У меня тоже есть муж и две дочери.
Он взял ее за руку посреди бара, где их могли увидеть десятки людей, но жильцы кондоминиума крайне редко посещали это заведение. Франческа потому сюда и ходила. Чтобы не видеть эти ужасные лица.
Он не убирал руку.
– Ты можешь делать и думать все, что захочешь, Франческа. Тебе решать. Но у меня нет ни жены, ни дочери. У меня никого нет. Я просто хотел тебе это сказать.
Он выпустил ее руку. И собрался уходить.
– Как ты меня нашел? – спросила она, повышая голос, чтобы остановить его.
– Я очень хотел сказать тебе все это. Думал только о тебе. И решился проследить.
– Но где же, черт возьми, ты был все это время, Фабрицио? Где?
– Та женщина, которую ты видела… Она жена моего отца. Ей тридцать лет. Ему семьдесят. У них двухлетняя дочь. Веришь? Мой папа всегда был дураком и засранцем. Я всю жизнь пытался не быть таким, как он. Почти с самого рождения.

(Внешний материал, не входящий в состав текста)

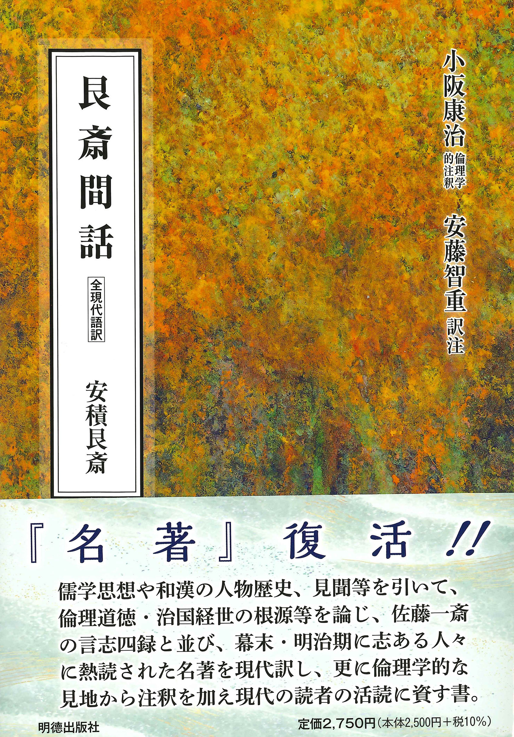 定価 2,750 円(税込) 著者 小坂 康治(コサカ ヤスハル)・安藤 智重(アンドウ トモシゲ) B6判並製302頁 ISBN978-4-89619-319-0 アマゾン 楽天 版元ドットコム ・内容紹介 儒学思想や和漢の人物歴史、見聞等を引いて、倫理道徳・治国経世の根源等を論じ、佐藤一斎の言志四録と並び、幕末・明治期に志しある人々に熱読された名著を現代訳し、更に倫理学的な見地から注釈を加え現代の読者の活読に資す書。

– Ты так внезапно уехал, ничего мне не сказал. Даже не пытался меня предупредить. Это так ты не думаешь ни о чем, кроме меня?
– Мой отец болен. Я ему понадобился. Как всегда, – он посмотрел на стакан, который заказал. Выпил. – Он живет в Болонье. Я должен был пожить там, пока он не придет в себя. Я знаю, это было слишком долго.
Франческа смотрела на него и не знала, верить или net.
– Ты мне не веришь. Ты права. Я тоже не поверил бы. Но я должен был тебе сказать. Я просто хотел вернуться к тебе, Франческа.
Она покачала головой.
– Я верю тебе.
– Даже если все так странно выглядит?
– Да, – и она засмеялась.
Подошла к нему, взяла за руку и оказалась очень близко. И вдруг глаза Фабрицио потемнели. Он оттолкнул Франческу.
Она испугалась.
– Что случилось?
– С тобой все в порядке, дорогуша? – услышала она голос рядом. Обернулась. Колетт!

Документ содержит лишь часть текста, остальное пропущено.